I need help. I don't even know where to start

[Jessebeth]

I hope someone can help me with this equation. I have seriously been working on my homework for 10 hours now. I do not know where to start on this question. I keep coming up with T=20+200e^(-.11t) for part A. If thats right, then I have no idea where to go with part b. Someone please help me. Thank you so much.

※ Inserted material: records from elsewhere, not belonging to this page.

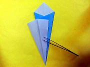 谷折りで左角を付けた 右側の折り線に⇒ ![]() |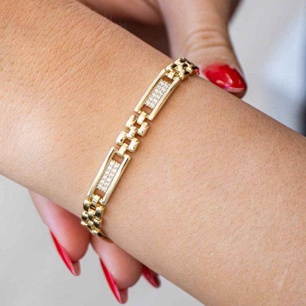 O brățară radiantă care atrage atenția de la prima vedere prin structura sa precisă și strălucirea subtilă. Combinația de legături fine și zirconii strălucitoare creează o bijuterie atemporală, care îți va scoate în evidență stilul cu fiecare ocazie. Un accesoriu distinctiv, dar elegant, pe care îl vei adora.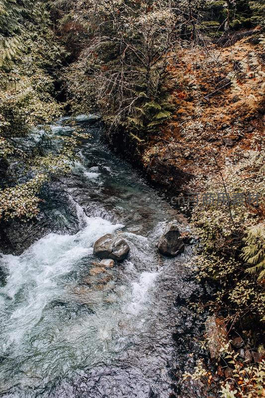 溪水在布满苔藓与落叶的山谷中奔腾跳跃,阳光透过树冠洒落斑驳光影,两岸植被渐染秋色,呈现原始而生动的自然韵律。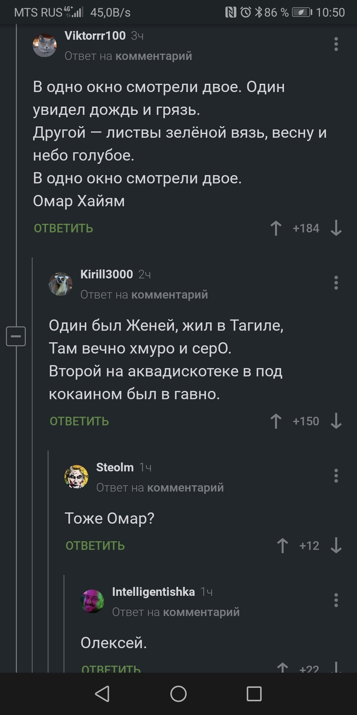 Смешные и познавательные комментарии из сети Запостил: Viking,25-01-2021, 00:00вЮмор / Золото Чтобы отвлечь Вас насущных дел хотим развлечь Вас очередной подборкой в которой Вы найдете прикольные, познавательные и в тоже время смешные комментарии. Данная подборка с легкостью поднимет Вам настроения. Предыдущая часть ТУТ Нравится 48 Не нравится 3 Комментарии (0) Добавить комментарий Прокомментировать Введите два слова с картинки: Отправить

Suppose you’re driving your car on a winter day (20 deg F outside) and the
engine overheats (at about 220 deg F). When you park, the engine begins to cool
down. The temperature T, of the engine, t minutes after you park, satisfies the
equation:

ln(T-20/200)=-.11t

a) Solve this equation for T.
b) Use part a) to find the temperature of the engine after 20 min. (t=20).

 

[tkhunny]

I do not know where to start on this question.
I have no idea where to go with part b.

Hogwash. You're nearly done. Have you considered simply substituting t = 20 minutes into your equation?

 

[mmm4444bot]

T = 20 + 200e^(-.11t)

This expression for T is correct, but you forgot to type grouping symbols around the numerator in the given equation. I've added them in red below.


ln((T-20)/200)=-.11t


b) Use part a) to find the temperature of the engine after 20 min. (t=20).

Part (b) requires you to calculate the value of T when t = 20.

T = 20 + 200 e^(-0.11*20)